The first target detection diffusion model, better than Faster R-CNN and DETR, detects directly from random frames

  • Paper address: https://arxiv.org/pdf/2211.09788.pdf
  • Project address https://github.com/ShoufaChen/DiffusionDet

This study found that in traditional target detection There is a drawback in that they rely on a fixed set of learnable queries. Then researchers wondered: Is there a simple way to do object detection that doesn't even require learnable queries?

In order to answer this question, this article proposes DiffusionDet, a framework that can detect targets directly from a set of random boxes. It formulates target detection as a process from the noise box to the target box. noise diffusion process.

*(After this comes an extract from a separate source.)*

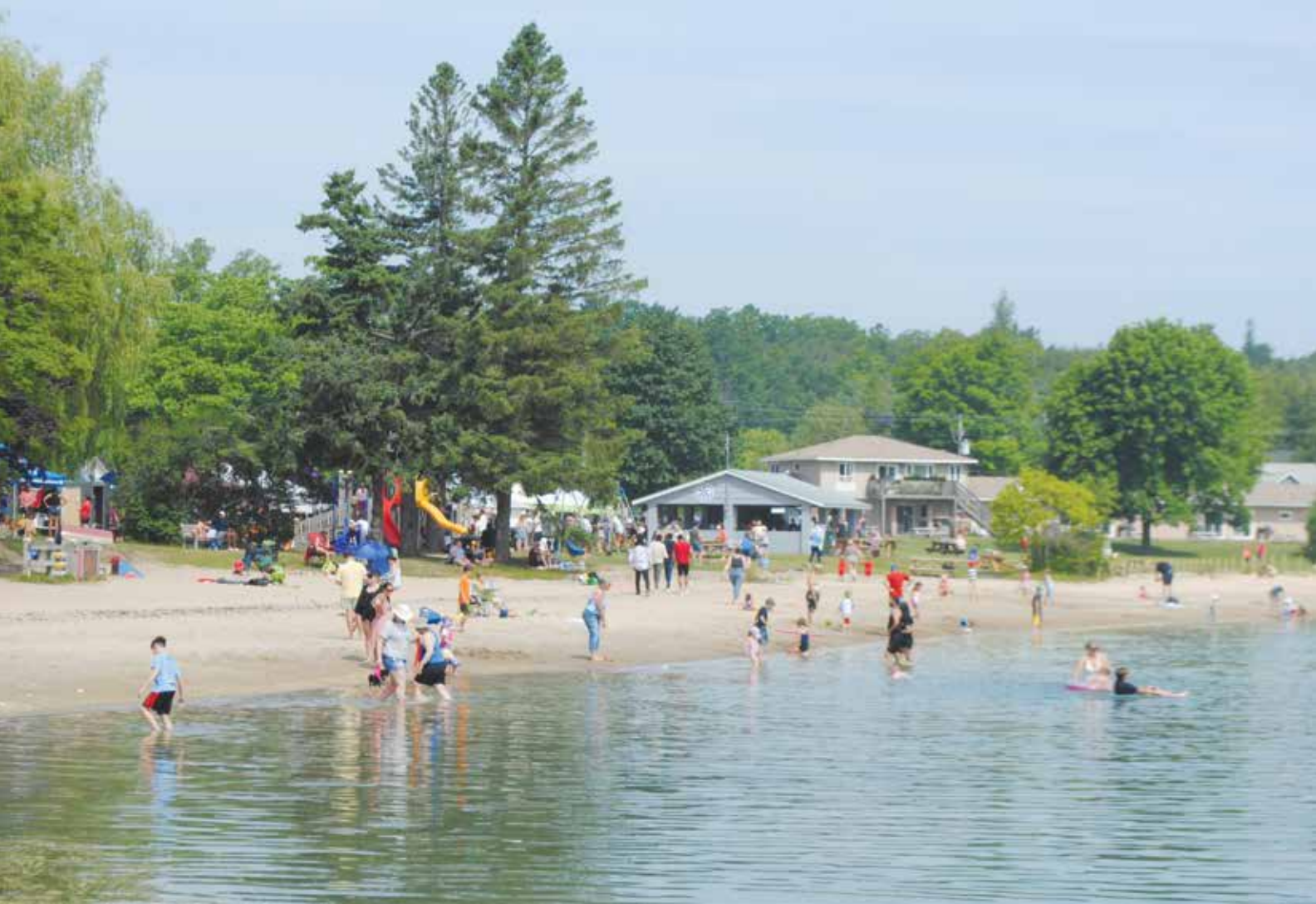
▲ Lion's Head has a lovely sandy beach close to the centre of town.

This noise-to-box approach does not require heuristic target priors nor learnable queries, which further simplifies target candidates and advances detection pipelines.

As shown in Figure 1 below, this study believes that the noise-to-box paradigm is similar to the noise-to-image process in the denoising diffusion model, which is a type of likelihood-based process. The model uses the learned denoising model to gradually remove the noise in the image to generate the image.

The first target detection diffusion model, better than Faster R-CNN and DETR, detects directly from random frames

DiffusionDet solves the target detection task through the diffusion model, that is, the detection is regarded as the position (center coordinates) and size (width and height) of the bounding box in the image Spatial generation tasks. In the training phase, Gaussian noise controlled by the variance table (schedule) is added to the ground truth box to obtain the noise box. These noisy boxes are then used to crop regions of interest (RoI) from the output feature maps of backbone encoders (such as ResNet, Swin Transformer). Finally, these RoI features are sent to the detection decoder, which is trained to predict the ground truth box without noise. In the inference phase, DiffusionDet generates bounding boxes by inverting the learned diffusion process, which adjusts the noise prior distribution to the learned distribution on the bounding box.

Method Overview

Because the diffusion model iteratively generates data samples, the model f_θ needs to be run multiple times during the inference phase. However, applying f_θ directly on the original image at each iteration step is computationally difficult. Therefore, the researchers proposed to divide the entire model into two parts, namely the image encoder and the detection decoder. The former is run only once to extract the depth feature representation from the original input image Progressively refine box predictions in z_t.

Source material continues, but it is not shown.